The nozzle 2 according to FIG. 7 also has a flow body 12 . This flow body 12 is also flowed around by two parts. At the union of the two streams to a single stream there are two cross bars 15 , 16 , which cause a constriction of the material jet.

The nozzle 2 according to FIG. 8 has an upper lip which has one or more air inlets 20 . The lower lip 11 of this nozzle has a hump that is located approximately at the location of the air inlets 20 .

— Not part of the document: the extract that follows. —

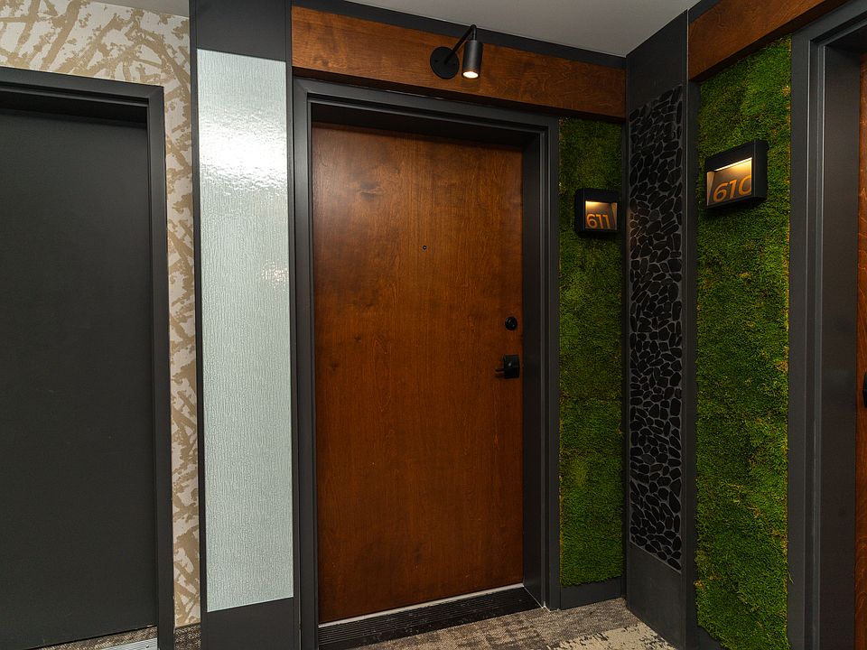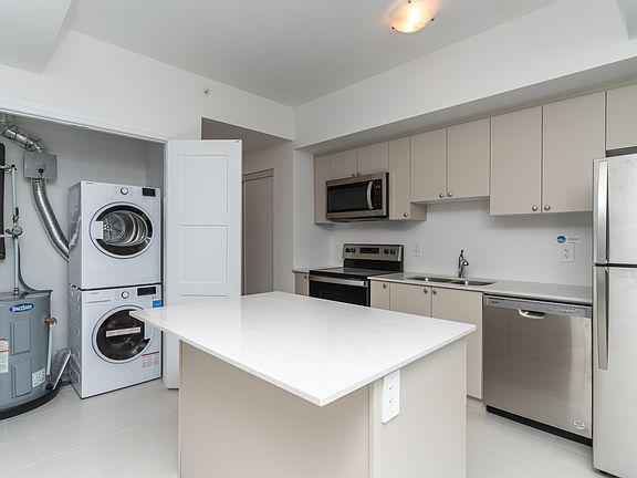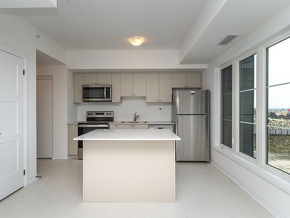 Bright Corner Condo with Top Floor - 4 Season Balcony! 901 sq. ft. open-concept 1+den with retractable glass-enclosed balcony (BBQs allowed!). Steps to GO, transit, and shopping. Nature trails at your door. Water filtration & air purification. Resort-style amenities: firepits, waterfalls, 2-storey lobby with live tree, jogging track & more! Laundry: Washer-dryer included Cooling: Central Heating: Forced air Appliances: Dishwasher, freezer, oven, refrigerator Flooring: Hardwood

Finally, the nozzle 2 according to FIG. 9 has a lower lip which is pushed in front of the upper lip in the direction of flow. The upper lip has a baffle bar 21 , which causes an abrupt narrowing of the flow path. The lower lip 11 also has a baffle bar 22 which projects upwards.

Claims (12)

1. A method for forming a fibrous web in a sheet forming device, wherein a fibrous suspension is fed to a headbox, exits there through an outlet-side nozzle as a machine-wide jet and strikes at least one moving surface in order to be deposited there to form a fiber fleece, characterized in that the jet - seen in side view and in the direction of flow - expands immediately after emerging from the nozzle and forms an opening angle of at least 3 °. 2. The method according to claim 1, characterized in that the jet hits a fourdrinier sieve. 3. The method according to claim 1, characterized in that the beam is directed against a wedge gap below Use of two screen surfaces is formed. 4. The method according to claim 1 or 3, characterized in that that the wedge gap using at least one sieve surface and at least one outer surface of a roller is formed.   5. The method according to any one of claims 1 to 4, characterized characterized in that the opening angle of the beam is between 30 and 60 °. 6. The method according to any one of claims 1 to 5, characterized characterized by the beam when it strikes detected area is equal to the product of n × d × a, where d is the beam thickness, a is the beam width, and where n is greater than d. 7. The device according to claim 6, characterized in that n is at least two times d. 8. Device for performing the method according to one of claims 1 to 7, with a sheet-forming device having a headbox which comprises a machine-wide outlet nozzle with an upper lip and a lower lip, characterized in that the nozzle ( 2 ) is designed and arranged in this way that the jet widens immediately after it emerges from the nozzle ( 2 ) and forms an opening angle of at least 3 °. 9. The device according to claim 8, characterized in that the nozzle ( 2 ) has a sudden narrowing in its outlet area. 10. Apparatus according to claim 8 or 9, characterized in that a flow body ( 12 ) is provided in the nozzle, which is arranged substantially parallel to the jet surface, and which ends in the outlet area, so that the two partial flows formed by it can unite shortly before the outlet end of the nozzle. 11. Device according to one of claims 8 to 10, characterized in that one of the two nozzle lips ( 10 , 11 ) are assigned air inlets ( 20 ). 12. The apparatus according to claim 11, characterized in that the other lip ( 11 ) has a machine-wide hump, the peak of which is located approximately at the location of the air inlets ( 20 ).